While the described route of water removal is up through the tubing string, it is to be understood that the reverse operation could be used (by altering the valve seal and pipe configuration at surface) wherein compressed gas is introduced through the tubing string to force accumulated water up through the casing annulus.
It will be apparent that the introduction of pressured gas can be initiated automatically or manually, and may be responsive to a timer, a pressure differential sensor system, a drop in production volumes which indicates an increase in accumulated liquids at bottom-hole, or other suitable indications.

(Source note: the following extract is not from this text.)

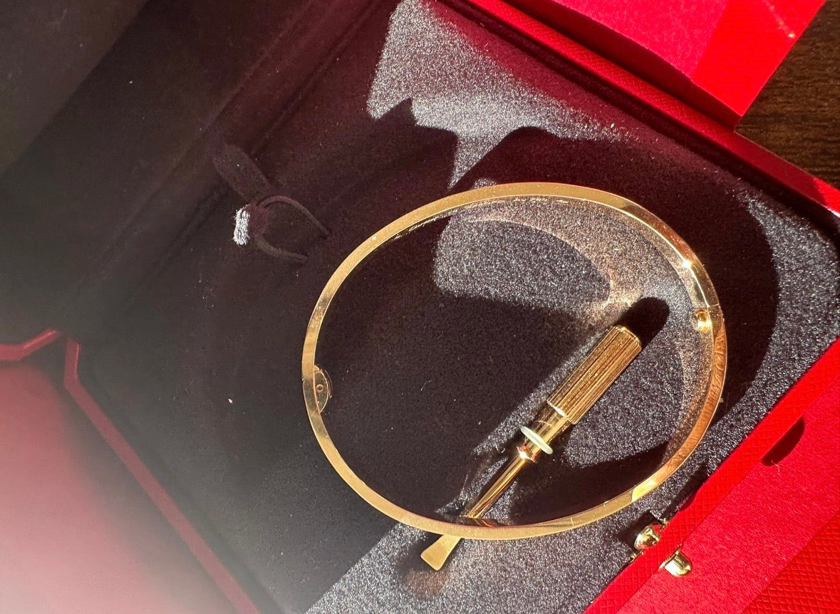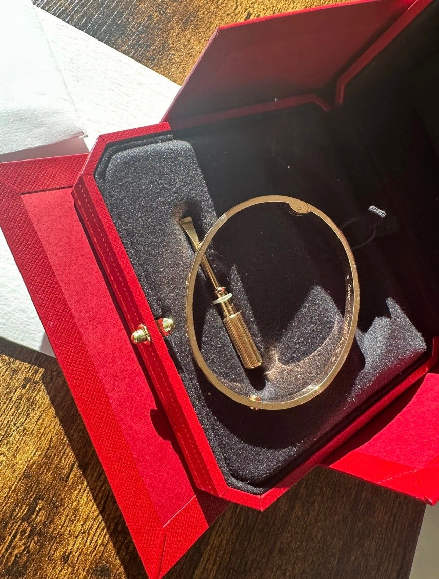 Discover the luxurious and exclusive Cartier Love bracelet in the medium model size 18. Crafted with 18K rose gold (750/1000), this timeless piece boasts a width of 4.8mm. It is in excellent condition and comes with a certificate, box, original case, and invoice. A timeless investment, purchased in 2025.

A person skilled in the art will understand that when the liquid is exhausted from the casing annulus 30 above lower open end 28 of the tubing string 26, there will then be a large volume of introduced gas passing up through tubing string 26 to the collection system. In addition, there will be large volumes of introduced gas to be handled when the introduced gas is allowed to depressurize. Thus, flow control means and perhaps chemical injection means would profitably be utilized to reduce such depressurization and the commensurate temperature drops and consequent hydrate formation and other mechanical problems associated with such events.
It will be understood that various changes in the details, materials, arrangements of parts, and operating conditions which have been described and illustrated here in order to explain the nature of the invention may be made by those skilled in the art within the principles and scope of the invention, and will not derogate from or limit the scope of the claims.